**THE TASK**
The result should be the lines from the one holding "值得注意的是,博主wuxia" to the final line of the records below, repeated exactly and with no pictures.

(EXERCISE INPUT Opens)

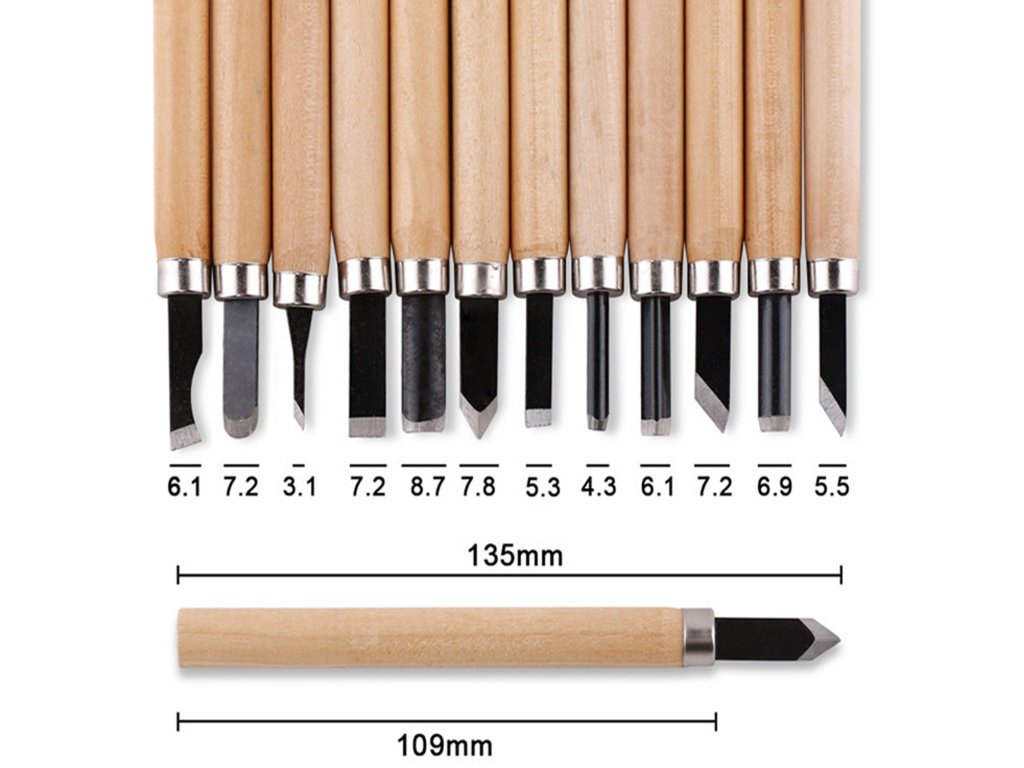 Резцы предназначены для ручной резьбы по дереву. В набор входит 12 резцов с различной формой режущей части: плоской, скошенной, полукруглой и V-образной. Данный набор отличается сниженным качеством режущей стали и рукояток в отличии от более дорогого аналога у нас на сайте. Деревянные ручки, в которых зафиксированы несъемные лезвия. Полная длина инструментов около 140 мм. Стамески требуют тонкой финишной заточки/доводки для максимально комфортной работы.
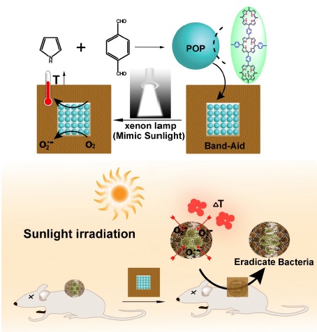 Zhenhua Li, Xiaochen Feng, Shutao Gao, Yan Jin, Wencong Zhao, Huifang Liu, Xinjian Yang, Shiqi Hu, Ke Cheng, and Jinchao Zhang. Porous Organic Polymers-coated Band-Aids for Phototherapy of Bacteria-induced Wound Infection, ACS Applied Bio Materials 10.1021/acsabm.8b00676. Link to the paper: https://pubs.acs.org/doi/10.1021/acsabm.8b00676
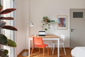 Студия оборудована системой отопления, отдельной спальней с подушками без пера, а также полностью оснащённой кухней с холодильником и плитой. Гостиная зона располагает круглосуточным доступом к интернету. В ванной комнате предусмотрена ванна. Для отдыха на свежем воздухе организована лаунж-зона у сада с видом из окна как во внутренний дворик, так и на город.
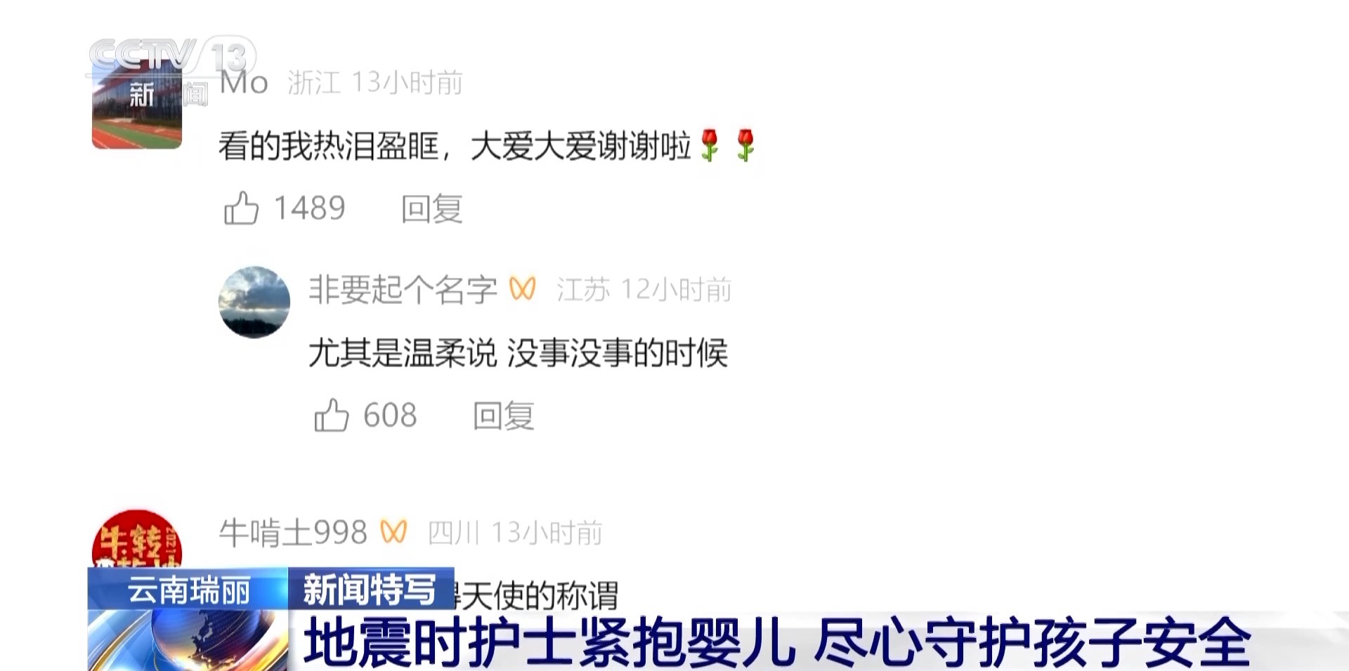 *瑞麗某月子中心護士 熊街蘭:*根本就沒來得及反應,就只能把寶寶迅速地抱起來,那個時候也很着急,就是想説能趕緊保護着。我們的護士李曉親,她也是把其他幾個寶寶先推在一起。當時晃動得特別厲害,我就只能先護着我懷裏的那個寶寶,可能那個晃動的力度太大了,就有點嚇到寶寶了,我就趕緊安慰一下他,説沒事沒事,趕緊安慰一下他。因為他也是兩個多月的寶寶了,這樣的話,他也能聽到,他能感受到你安慰他,後面立馬就安靜下來了,挺乖的。
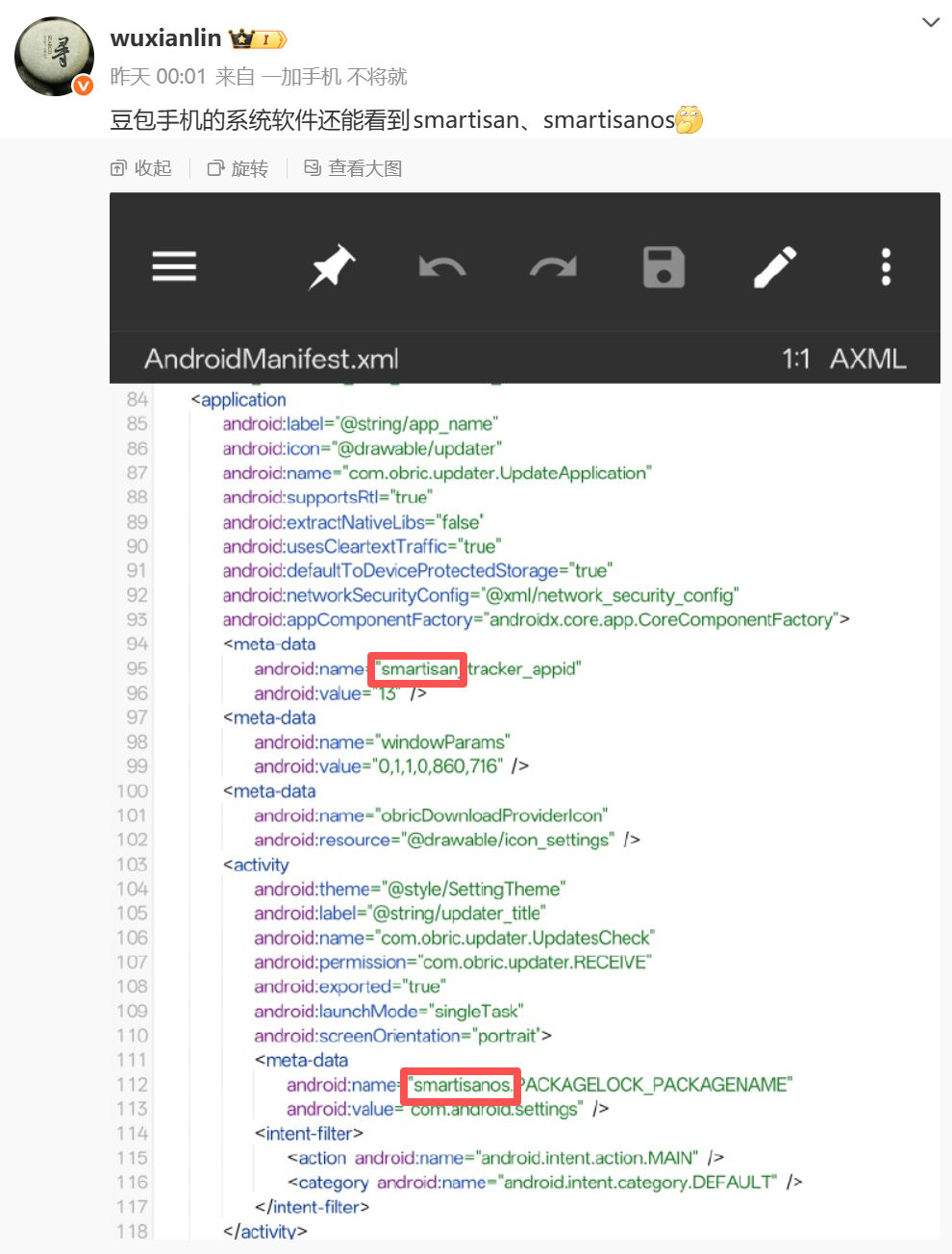 值得注意的是,博主wuxianlin”分享了豆包手机的系统软件,发现了锤子科技遗留字样,图片中可以看到smartisan、smartisanos等。而另一位数码博主
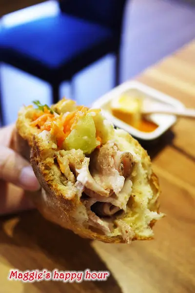 裡面包的QQ豬感覺沒有烤過,吃起來肥肉的口感比較多,不知道雞肉是埋藏在配菜中還是忘了放,我總覺得沒吃到雞肉的感覺XD
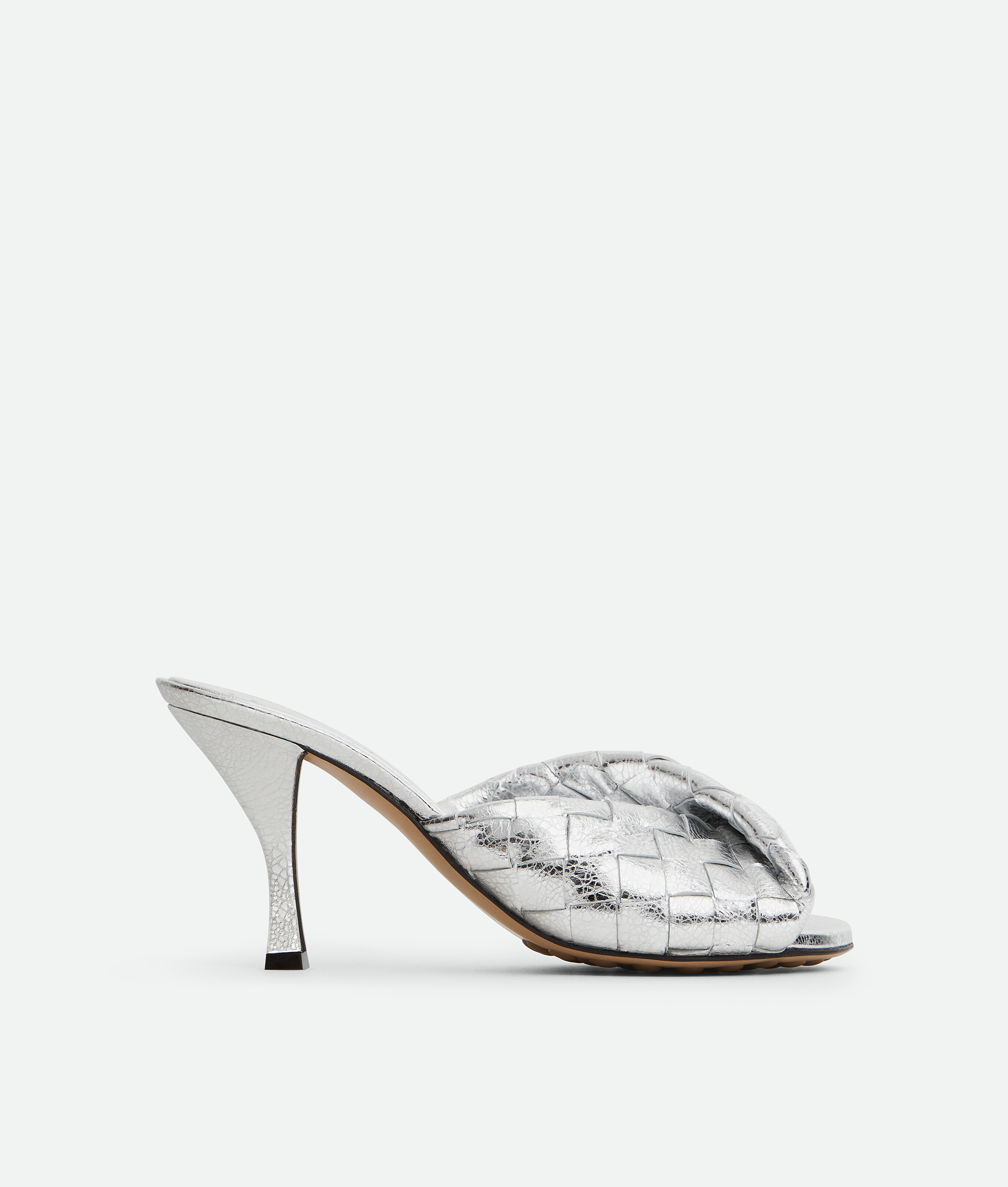 Mule en cuir laminé Intrecciato à détail plié.
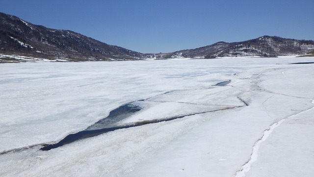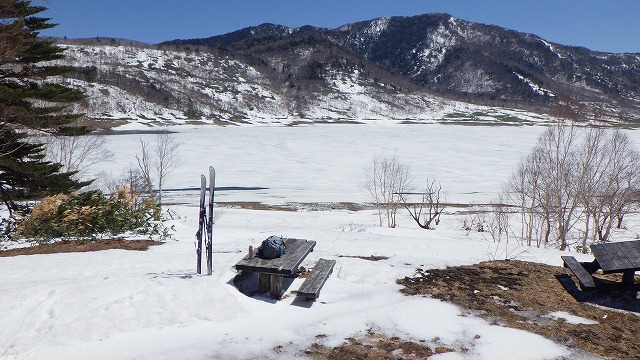 ここからようやく雪原が野反湖に向かって気持ちよさそうに広がっています。まだ雪の下にあるテンバのお花畑に寄り道しながら湖畔まで一気に滑ることが出来ました。

(EXERCISE INPUT Closes)

**EXPECTED OUTPUT**
 值得注意的是,博主wuxianlin”分享了豆包手机的系统软件,发现了锤子科技遗留字样,图片中可以看到smartisan、smartisanos等。而另一位数码博主
 裡面包的QQ豬感覺沒有烤過,吃起來肥肉的口感比較多,不知道雞肉是埋藏在配菜中還是忘了放,我總覺得沒吃到雞肉的感覺XD
 Mule en cuir laminé Intrecciato à détail plié.
 ここからようやく雪原が野反湖に向かって気持ちよさそうに広がっています。まだ雪の下にあるテンバのお花畑に寄り道しながら湖畔まで一気に滑ることが出来ました。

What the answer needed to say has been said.